## [TASK GOAL]
Repeat the data word for word. Do not include the pictures.

## [DATA SECTION]
++++++

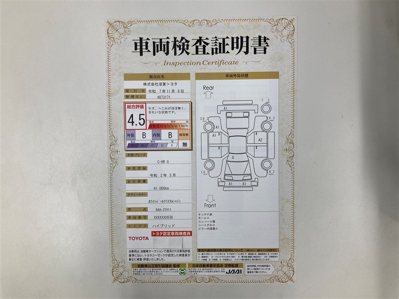 ※ 「修復歴あり」の場合、修復部位の詳細につきましては、販売店へお問い合わせください。
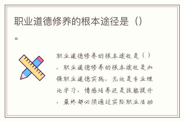 职业道德修养的根本途径是()。
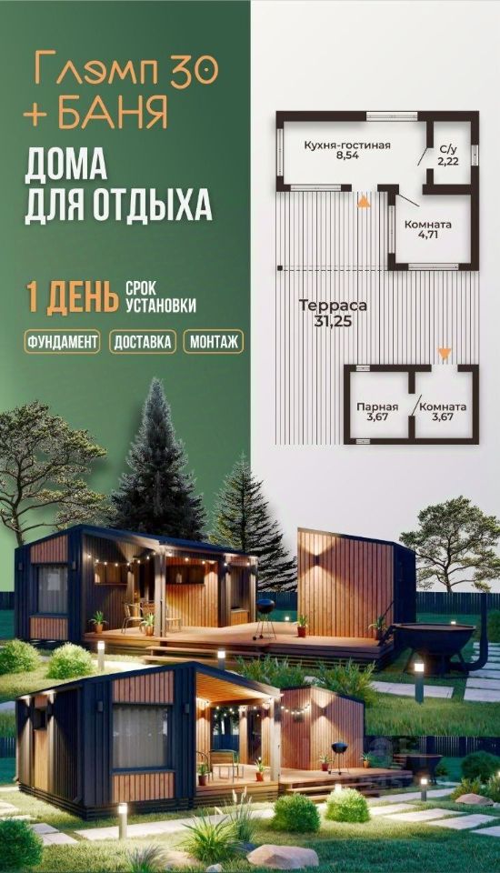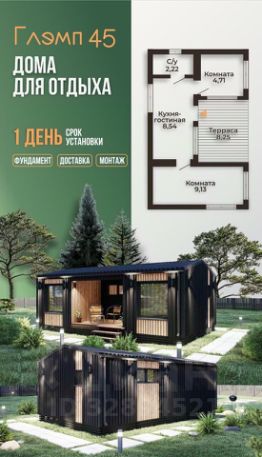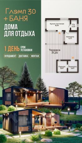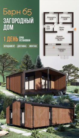 Арт. 93471615. Дом - барн 65 кв.м, 2 комнаты, кухня-гостиная.

++++++

## [RESPONSE]
 ※ 「修復歴あり」の場合、修復部位の詳細につきましては、販売店へお問い合わせください。
 职业道德修养的根本途径是()。
 Арт. 93471615. Дом - барн 65 кв.м, 2 комнаты, кухня-гостиная.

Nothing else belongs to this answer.